This clinical phenomenon has also been reported in Nicaragua, where typical cases in infants were observed with the same epidemiological profile as in SE Asia (32). The endemicity of multiple dengue viruses in many countries implies that this clinical group should be observed frequently, but in fact, infant DHF/DSS is not widely recognized in the Americas.
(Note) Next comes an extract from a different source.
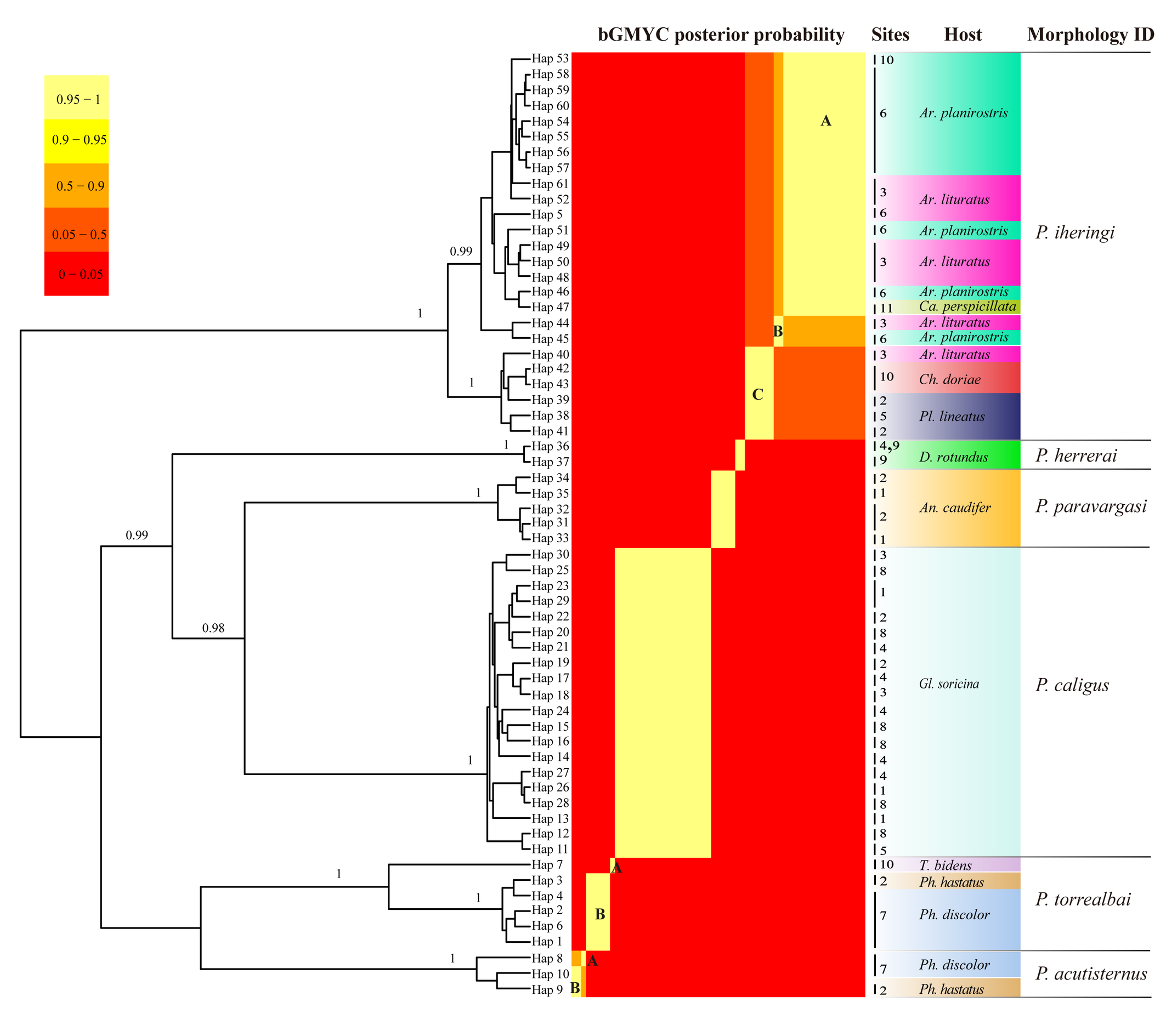 On other hand, the posterior probability of including all mites identified morphologically as P. iheringi in a single species is less than 50%, suggesting P. iheringi as a species complex. Interesting, when we turn to hosts: P. iheringi A was found on Artibeus planirostris Artibeus lituratus and Carollia perspicillata; P. iheringi B was found on Artibeus planirostris and Art. lituratus; and P. iheringi C was found on Art. lituratus, Platyrrhinus lineatus and Chiroderma doriae. Hence, all clades of P. iheringi were found on Artibeus lituratus.

Ethnicity and severe secondary dengue infections
Observations on dengue epidemiology in the Americas and in Africa suggest the possibility that the outcome of dengue infection is under host genetic control. During the DHF/DSS epidemics of 1981, 1997, and 20012 in Cuba, the hospitalization rates for blacks was consistently lower than those for whites (18, 54, 79). However, dengue infection rates of whites and blacks were the same (18). In Haiti, a country in which all four dengue viruses of the Asian genotypes are transmitted at high rates, DHF/DSS in children was predicted to occur but was not observed (80). The major DF outbreaks reported throughout the Caribbean islands over the past several decades have not been reported from Haiti, while during the same period DF was documented in visitors (81). These observations support the existence of one or more dengue resistance genes in black populations.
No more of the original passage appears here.